ITEM 5. Market for Registrant’s Common Equity, Related Stockholder Matters and Issuer Purchases of Equity Securities

The Company’s 2013 Annual Report to Stockholders (the “Annual Report”) contains under captions “Investor Information” and “Common Stock Prices and Dividend” the information required by Item 5 of this Annual Report on Form 10-K, which information is incorporated herein by this reference.

ITEM 6. Selected Financial Data

The Company’s Annual Report contains under the caption “Selected Consolidated Financial and Other Data” the information required by Item 6 of this Annual Report on Form 10-K, which information is incorporated herein by this reference.

ITEM 7. Management’s Discussion and Analysis of Financial Condition and Results of Operations

The Company’s Annual Report contains under the caption “Management’s Discussion and Analysis of Financial Condition and Results of Operations” the information required by Item 7 of this Annual Report on Form 10-K, which information is incorporated herein by this reference.

ITEM 7A. Qualitative and Quantitative Disclosures About Market Risk

The Company’s Annual Report contains under the caption “Asset/Liability Management” the information required by Item 7A of this Annual Report on Form 10-K, which information is incorporated herein by this reference.

ITEM 8. Financial Statements and Supplementary Data

The Company’s Annual Report contains the information required by Item 8 of this Annual Report on Form 10-K, which information is incorporated herein by this reference, with the exception of the report on the effectiveness of internal control over financial reporting, which is included in Item 9A below.
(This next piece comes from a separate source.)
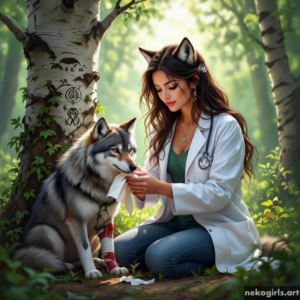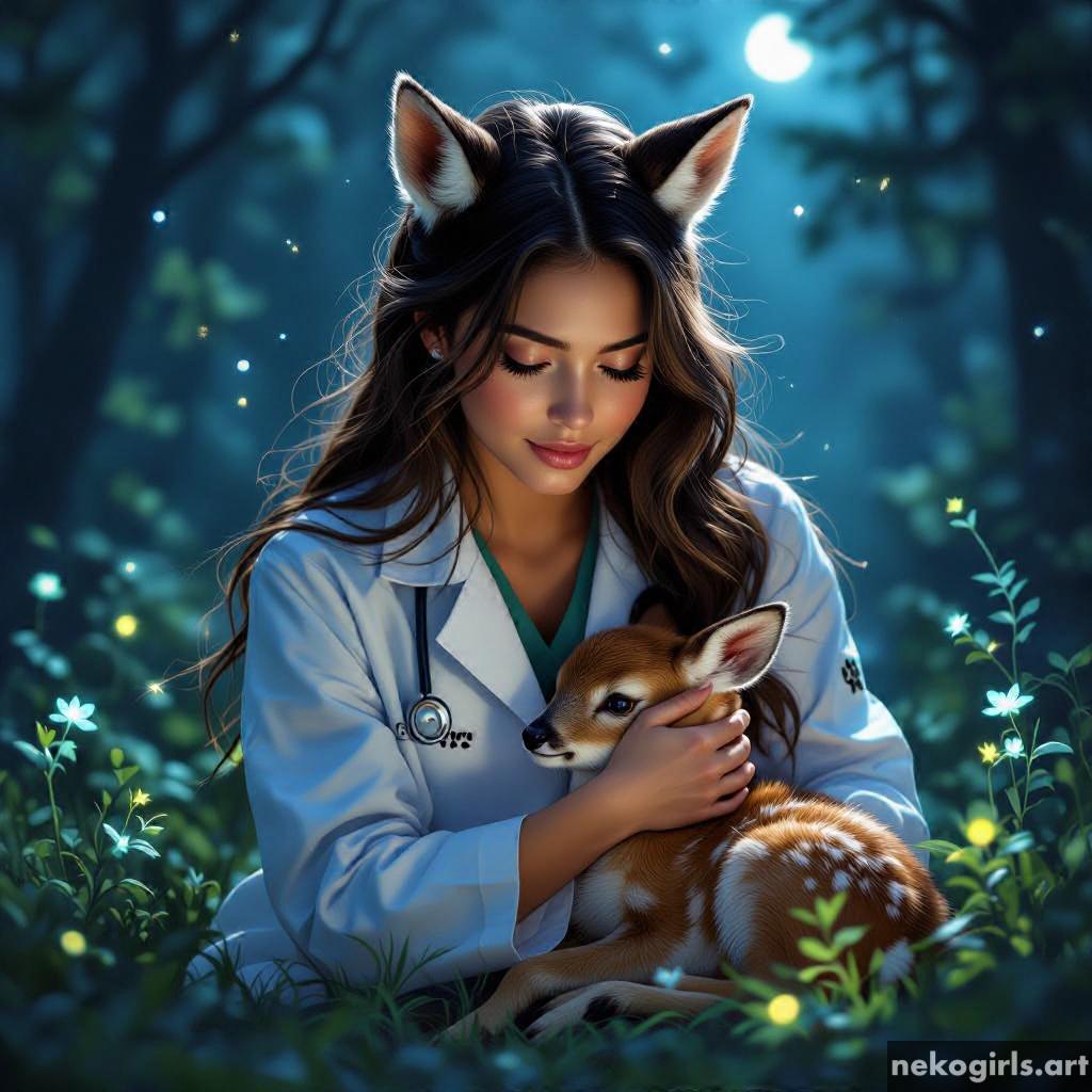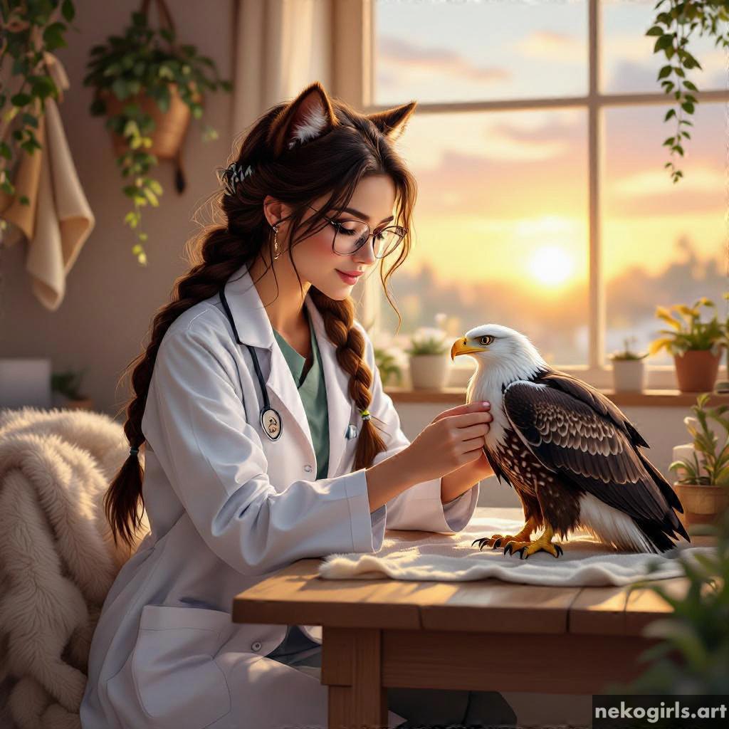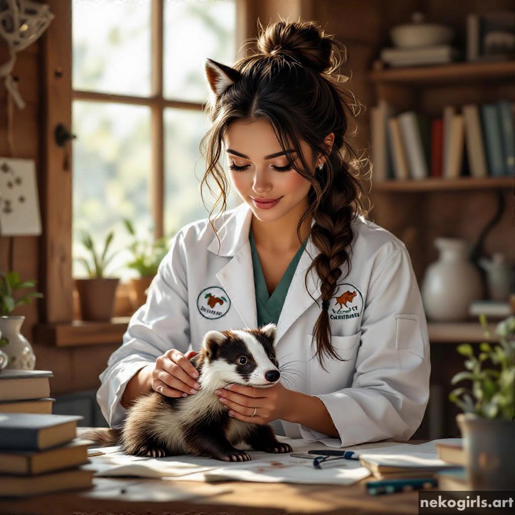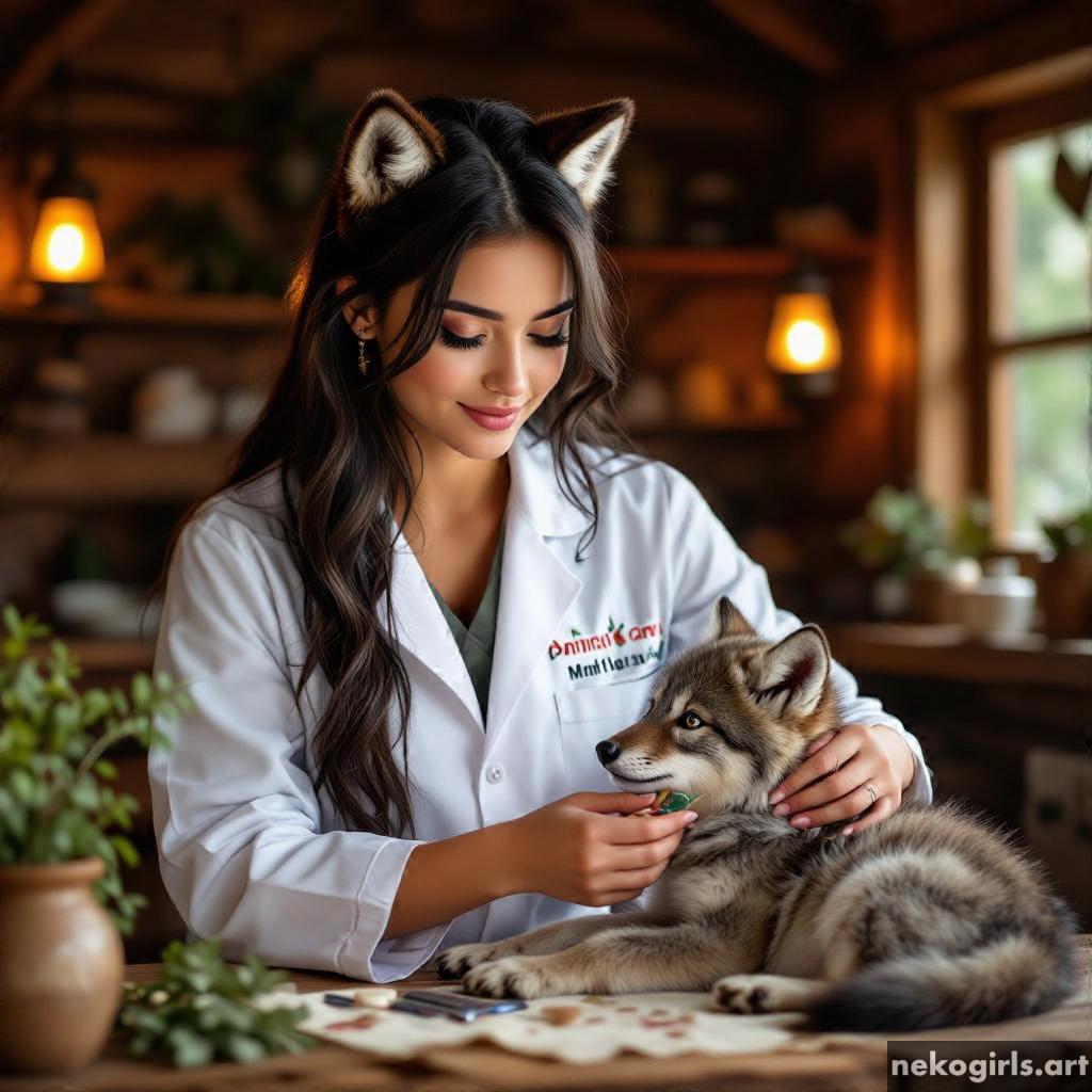 Cat girl veterinarian

See Item 15 below for a list of the financial statements and notes so incorporated.

ITEM 9. Change in and Disagreements With Accountants on Accounting and Finance Disclosure

None.

ITEM 9A. Controls and Procedures

Conclusion Regarding the Effectiveness of Disclosure Controls and Procedures. Under the supervision and with the participation of our management, including our principal executive officer and principal financial officer, we conducted an evaluation of our disclosure controls and procedures, as such term is defined in Rules 13a-15(e) and 15d-15(e) under the Securities and Exchange Act of 1934. Based on this evaluation, our principal executive officer and our principal financial officer concluded that our disclosure controls and procedures were effective at the end of the period covered by this annual report.
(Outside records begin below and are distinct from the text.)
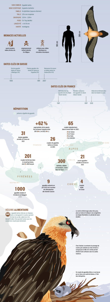 Gypaète barbu, sa situation en Suisse et en France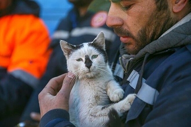 O gato de pelagem branca e manchas pretas (que devido à poeira dos destroços está cinza) ficou grato por ter sido salvo e agora ele não sai de perto da equipe de resgate. Principalmente do bombeiro que o salvou, Ali Çakas. Em um vídeo que circula a internet é possível vê-lo nos ombros do seu salvador.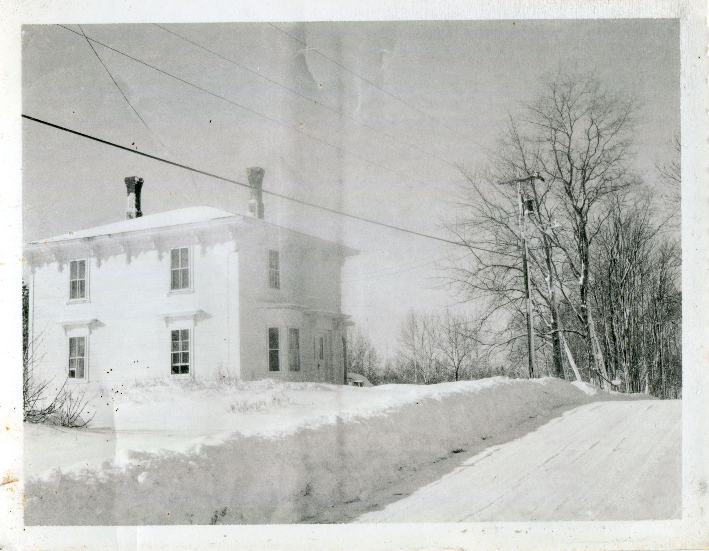 Four-square white house, two-storey, two chimneys, Italianate trim, on a hill, in the snow. On back identified as Everett Williams / David Boulton.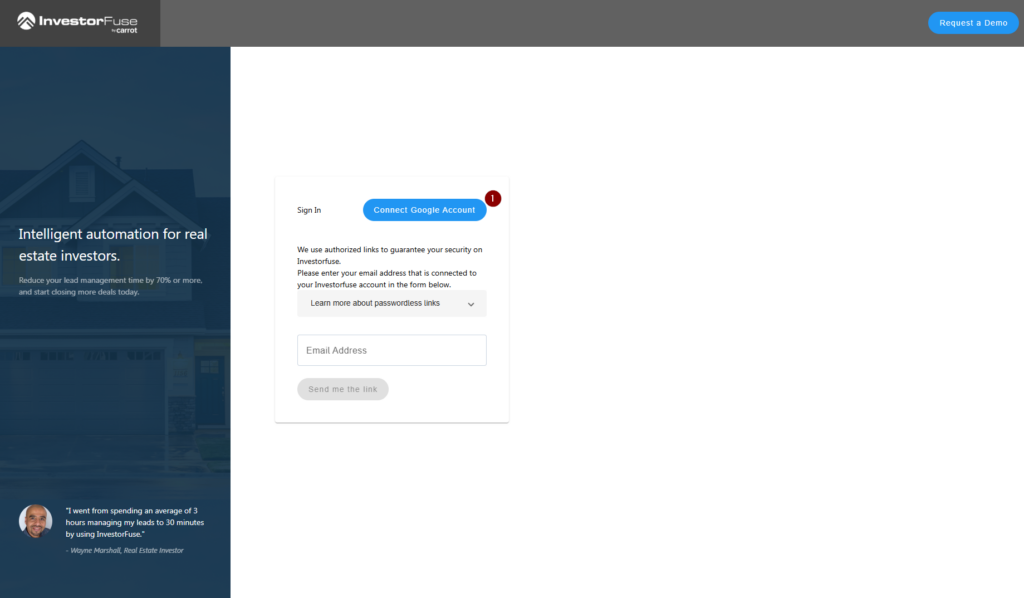 - Click Sign in to InvestorFuse 3.0. This will open a new tab and redirect you to InvestorFuse.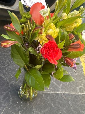 What a surprise to receive a vase of spectacular red roses and carnations from our dear friend. The gift for our special occasion in color and design reflected special details which meant a lot to us. Delivery was excellent.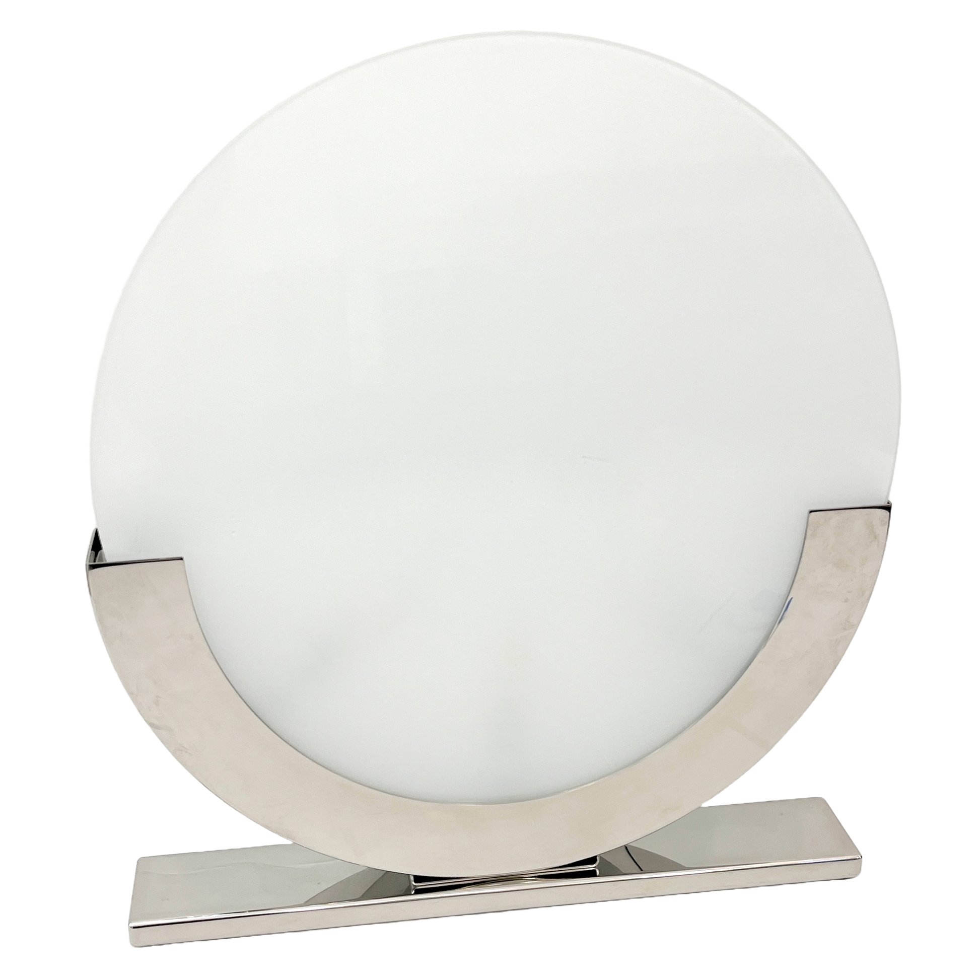 1990 Minimalist Italian Design White and Chrome Round Table Lamp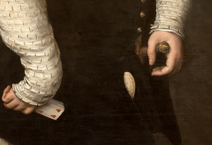 Однако именно детали выдают его истинный статус. Если присмотреться, то можно увидеть, что в руках он держит шутовской жезл — традиционный атрибут придворного дурака. Его костюм сочетает несочетаемые цвета и ткани, что соответствует идее шутовского наряда. Но главная деталь — крошечный герб его хозяина, вытканный на одежде. Это клеймо собственности, которое превращает живого человека в атрибут власти. Художник создаёт образ двойственности: внешне — уважаемый человек, но через детали — собственность графа.

There have not been any changes in the Company’s internal control over financial reporting (as defined in Rule 13a-15(f) and 15d-15(f) under the Exchange Act) during the fourth quarter of the fiscal year to which this report relates that have materially affected, or are reasonably likely to materially affect, the Company’s internal control over financial reporting.

 

28


Management’s Report on Internal Control Over Financial Reporting. Our management is responsible for establishing and maintaining adequate internal control over financial reporting, as such term is defined in Exchange Act Rules 13a-15(f) and 15d-15(f). Under the supervision and with the participation of our management, including our principal executive officer and principal financial officer, we conducted an evaluation of the effectiveness of our internal control over financial reporting based on the framework in Internal Control – Integrated Framework issued by the Committee of Sponsoring Organizations of the Treadway Commission. Based on our evaluation under the framework in Internal Control – Integrated Framework, our management concluded that our internal control over financial reporting was effective as of September 30, 2013.
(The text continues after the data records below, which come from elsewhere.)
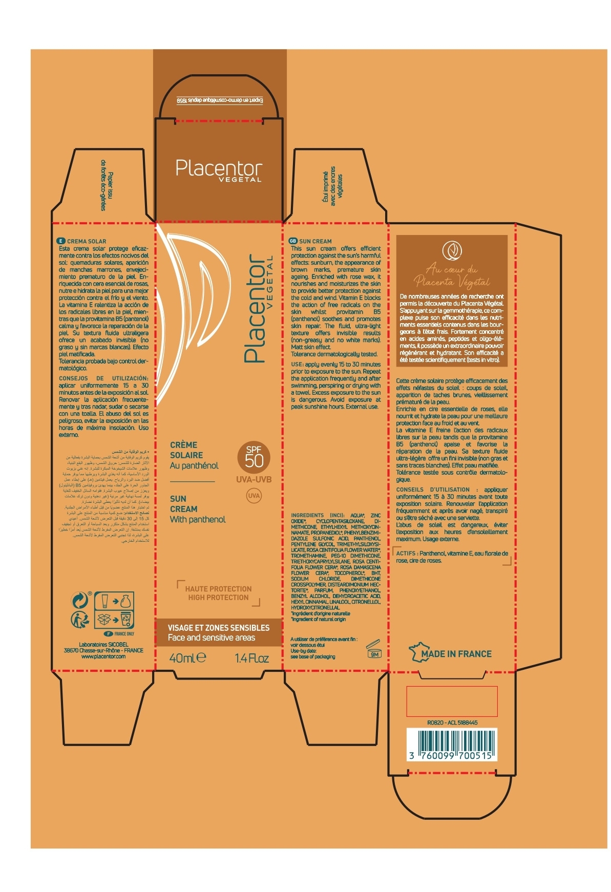 Libellé Placentor Crème solaire très haute protection SPF 50+ tube 40 ml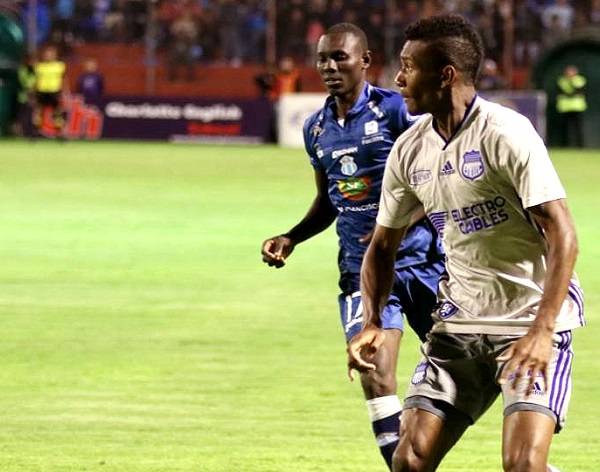 Bryan Cabezas en un partido de Emelec ante Macará.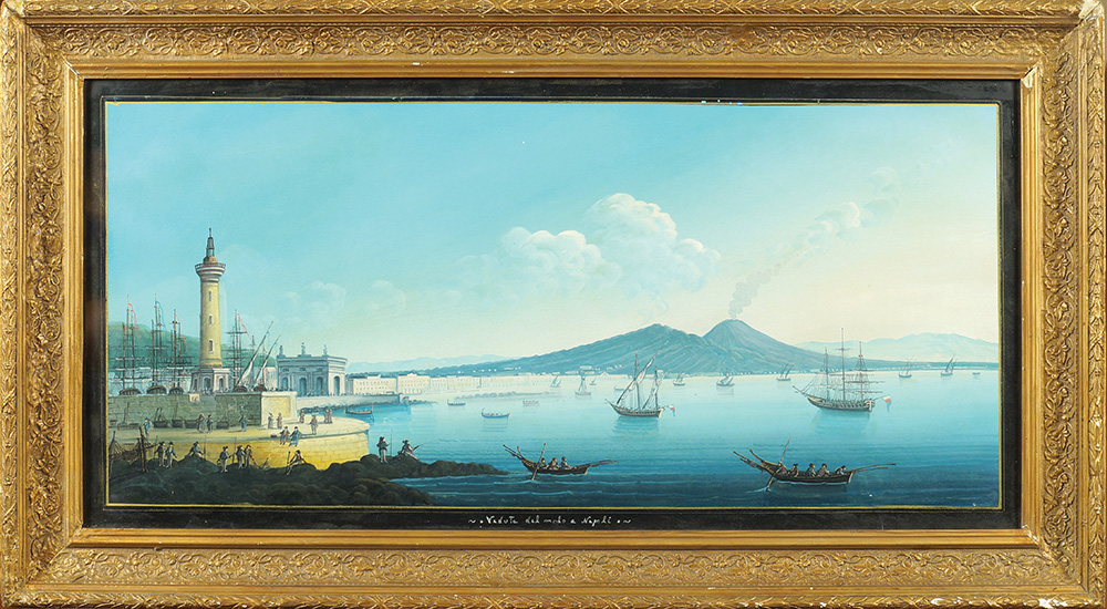 Scuola napoletana inizio XX Sec. 42x87 cm. "Veduta del molo a Napoli",...

The effectiveness of our internal control over financial reporting as of September 30, 2013 has been audited by BKD, LLP, an independent registered public accounting firm, and BKD LLP has issued a report on the effectiveness of our internal control over financial reporting as of September 30, 2013, which is included below.

 

29


Report of Independent Registered Public Accounting Firm

Audit Committee, Board of Directors and Stockholders

NASB Financial, Inc.

Grandview, Missouri

We have audited NASB Financial, Inc.’s internal control over financial reporting as of September 30, 2013, based on criteria established in Internal Control – Integrated Framework issued by the Committee of Sponsoring Organizations of the Treadway Commission (COSO). The Company’s management is responsible for maintaining effective internal control over financial reporting and for its assessment of the effectiveness of internal control over financial reporting. Our responsibility is to express an opinion on management’s assessment and an opinion on the effectiveness of the Company’s internal control over financial reporting based on our audit.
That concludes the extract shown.